Real-World Applications
-
Resource allocation — A server has limited CPU and RAM. Which combination of jobs maximises throughput? Each job either runs or does not.
-
Investment portfolio selection — Given a fixed budget and a set of investment opportunities, each with a cost and projected return, choose the subset that maximises expected return.
-
Cargo loading — An aircraft has a fixed weight limit.
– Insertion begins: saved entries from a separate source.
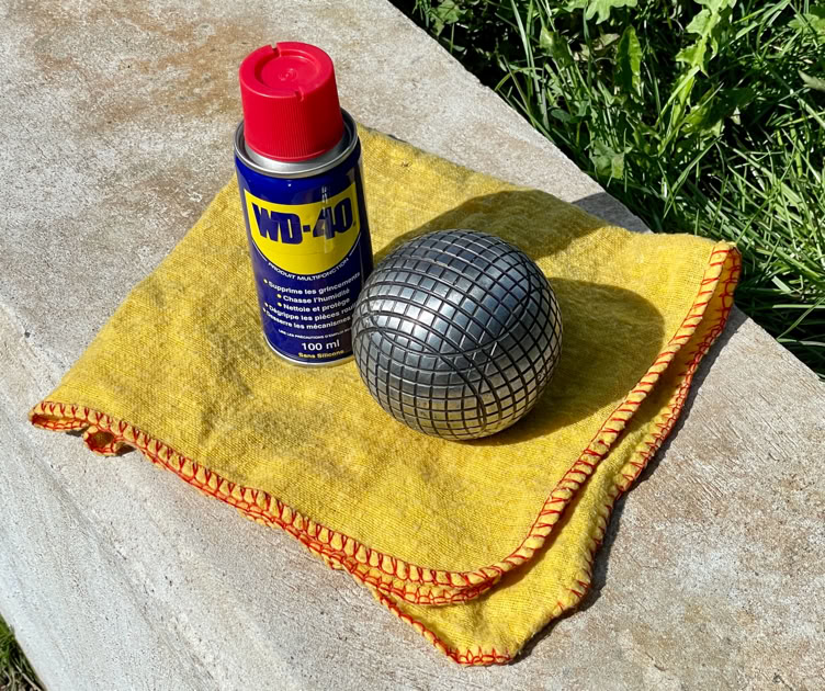 Avec un chiffon type microfibre légèrement huilé (on a bien dit légèrement huilé) essuyez vos boules de pétanque. La fine couche d’huile qui va se déposer permettra de protéger vos boules de pétanque de l’humidité. Utilisez une huile non alimentaire.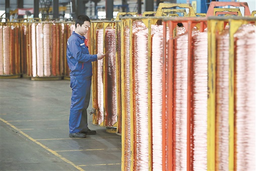 3月8日,金杯电工衡阳电缆有限公司生产车间,工作人员正在忙碌作业。今年,该企业产销两旺,1至2月产值同比增长1倍,销售同比增长2.4倍。罗茂盟 摄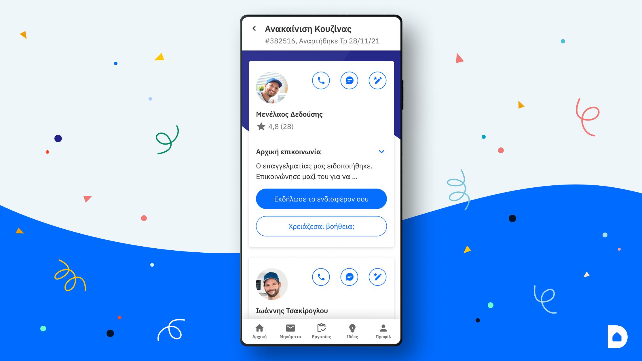 Η απαιτητική και χρονοβόρα offline διαδικασία αναζήτησης επαγγελματία για το Σπίτι εκσυγχρονίζεται ακόμη περισσότερο και μετατρέπεται σε μία απλή, γρήγορη και αξιόπιστη online εμπειρία, χάρη στο Mobile App του Douleutaras. Οι χρήστες μπορούν να βρίσκουν τον τεχνικό επαγγελματία που χρειάζονται και να διαχειρίζονται όλες τις σχετικές εργασίες από το κινητό τους, απολαμβάνοντας μεγαλύτερη άνεση και ευκολία. Η εφαρμογή είναι διαθέσιμη για λογισμικά Android και iOS.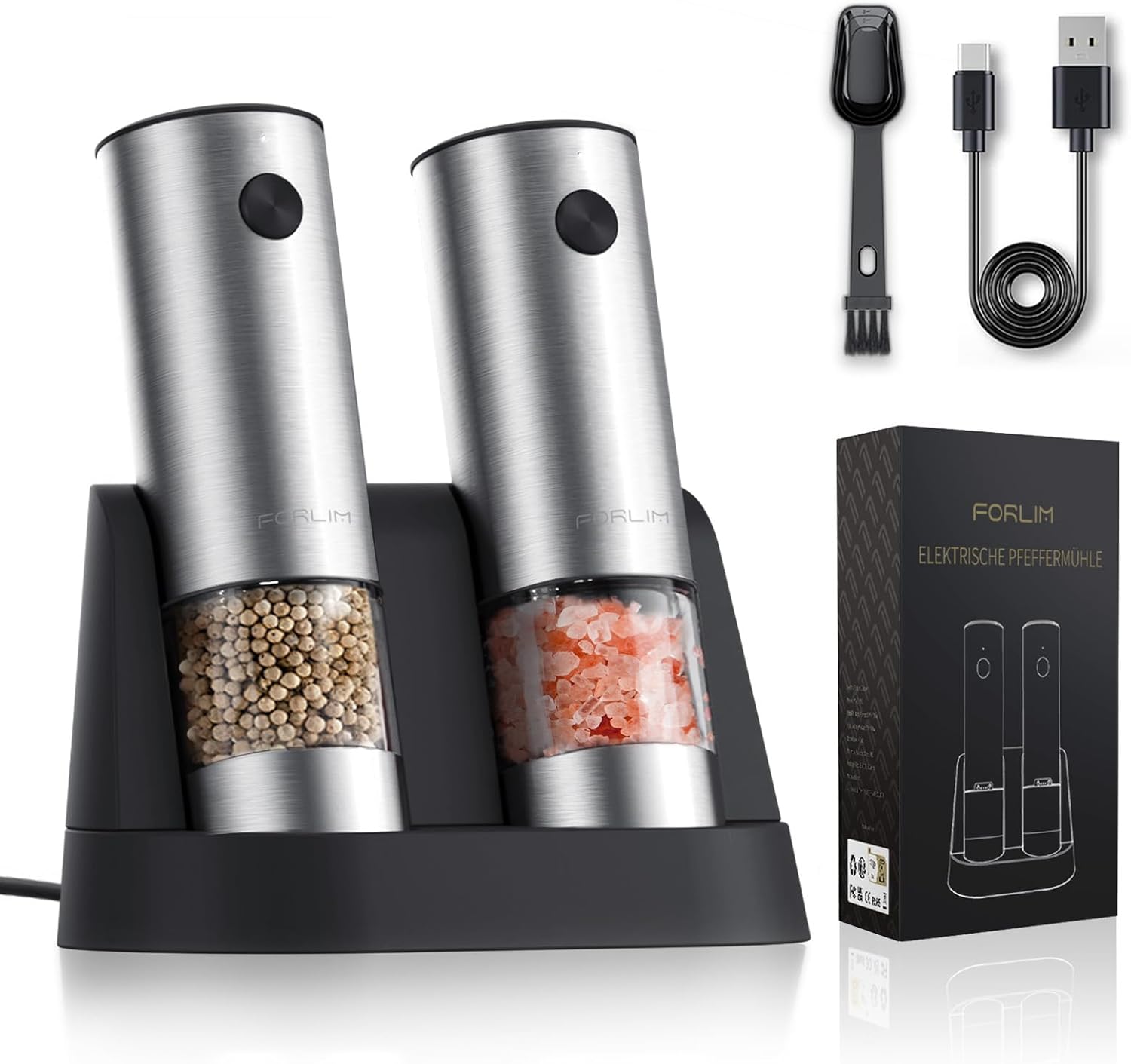 FORLIM Electric Salt and Pepper Grinder Set, USB Rechargeable Automatic Salt and Pepper Grinder Set with Upgraded Base, One Handed Operation Refillable Mill with Light, Adjustable Coarseness - 2 Mills
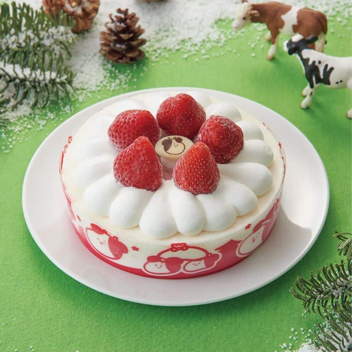 北海道産牛乳を使用したミルクアイスに”たべる牧場”シリーズのキャラクターである「うし」絵柄のチョコプレートと、イチゴのトッピングがキュートです☆
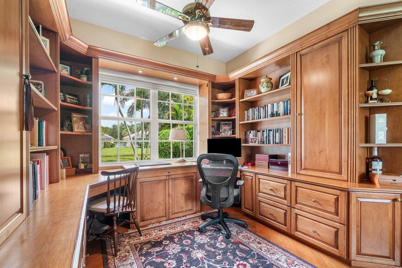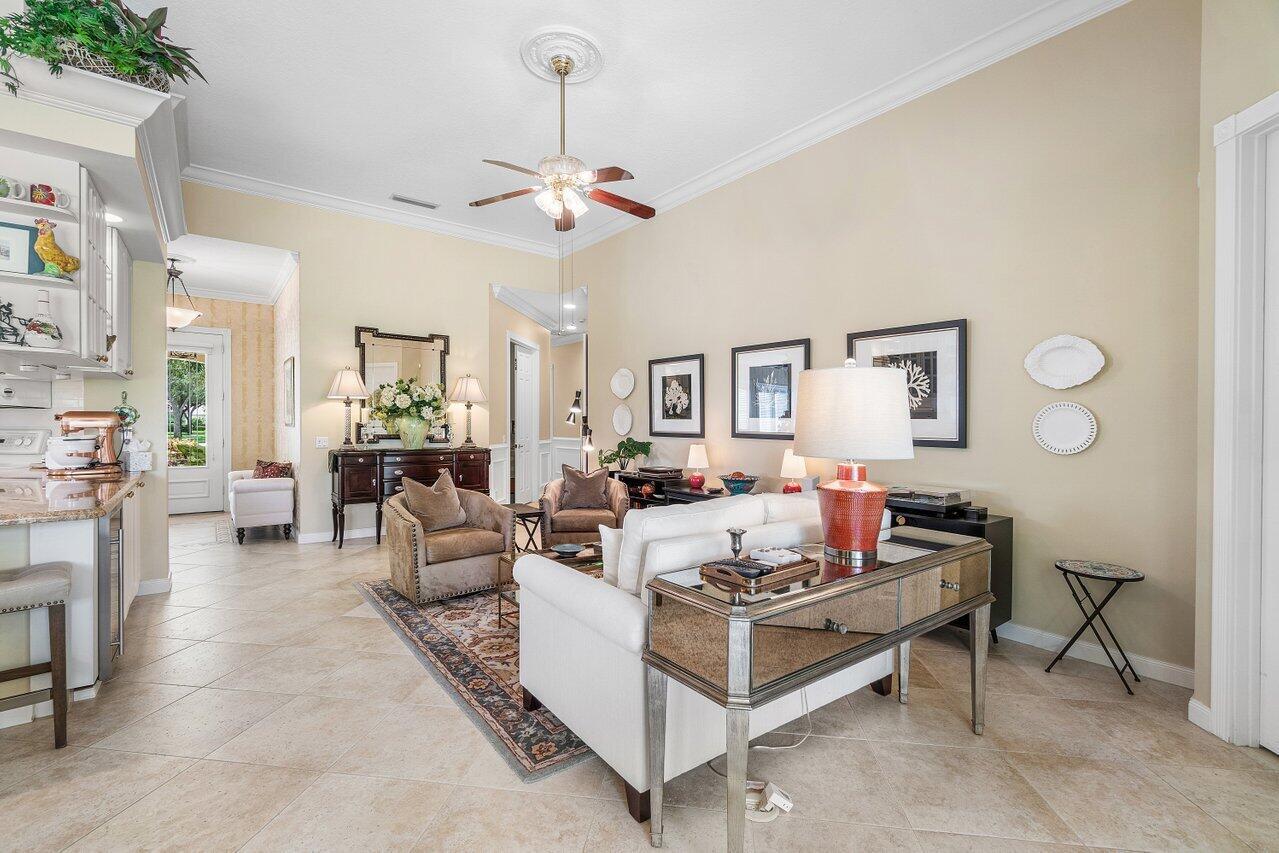 Enjoy peaceful lake views from this immaculately maintained Carlyle model, on a quiet cul-de-sac in the coveted Isles at Palm Beach Gardens. Boasting a brand new roof (Aug 2025), updated baths with marble vanities and nickel finishes and an inviting front porch, this light-filled 4BR/3BA home features formal and informal living areas, soaring ceilings, diagonal porcelain tile, and a screened-in lanai perfect for outdoor relaxation. The 4th bedroom is set up as a home office with custom built-ins. The spacious kitchen with granite counters and abundant cabinetry flows seamlessly into the family room. Large primary suite offers dual baths and generous closets. Pristine 2 car garage and laundry. Enjoy resort-style amenities including pool, tennis, pickleball, clubhouse, and fitness center.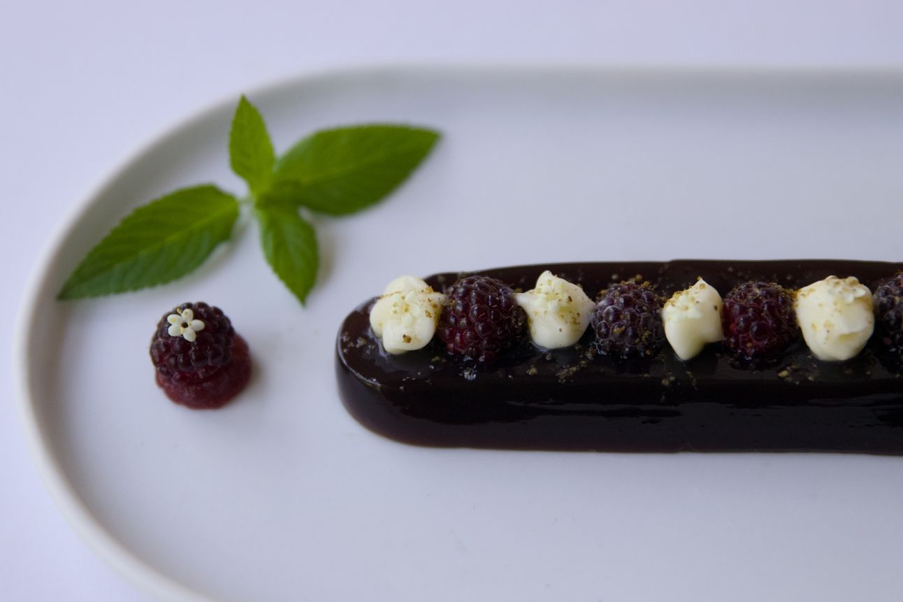 JELLY: This one is composed of mostly wild grapes and elderberry juice, flavored with spicebush (Lindera benzoin). Garnished with black raspberries, mascaporne and Procera botanical salts (similar to sal de gusano/chapulín in its use). And on the side we have elderberry gel with a black raspberry and an elderflower. This was served with a strawberry rum infusion that is not pictured given how shallow the platter is.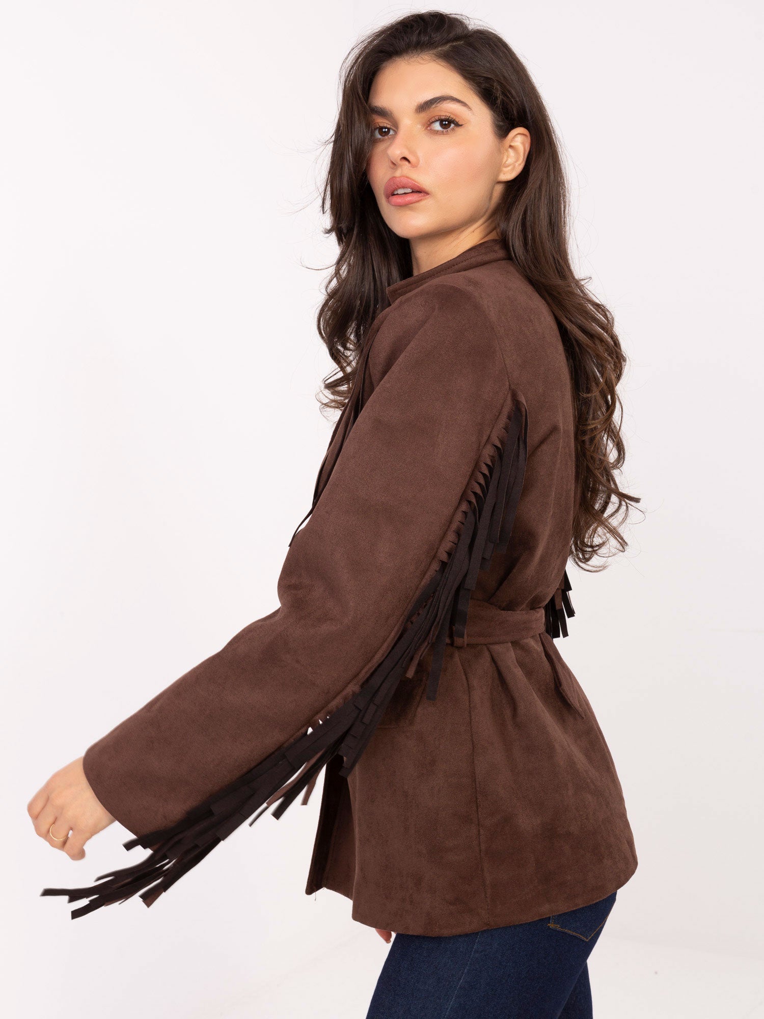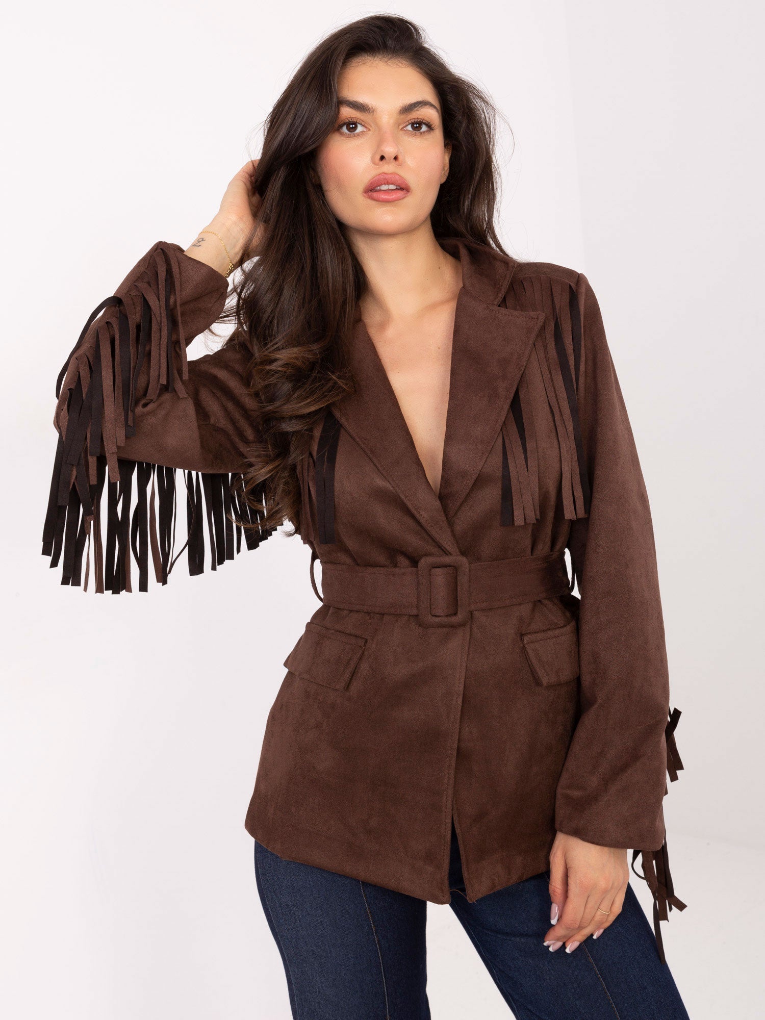Wymiary marynarki w rozmiarze one size: szerokość pod pachami - 50 cm, długość całkowita - 71 cm, długość rękawa - 61 cm (od szwu), szerokość w biodrach - 51 cm.

Which cargo containers to load to maximise revenue?
-
Feature selection in ML — Given a compute budget, which subset of features produces the best model? Each feature either is or is not included in training.
-
CPU task scheduling — A real-time system has a deadline. Which tasks can be scheduled within the time window to maximise total priority?
The 0/1 knapsack pattern appears wherever you have a binary choice (include or exclude) and a capacity constraint — two of the most common ingredients in real decisions.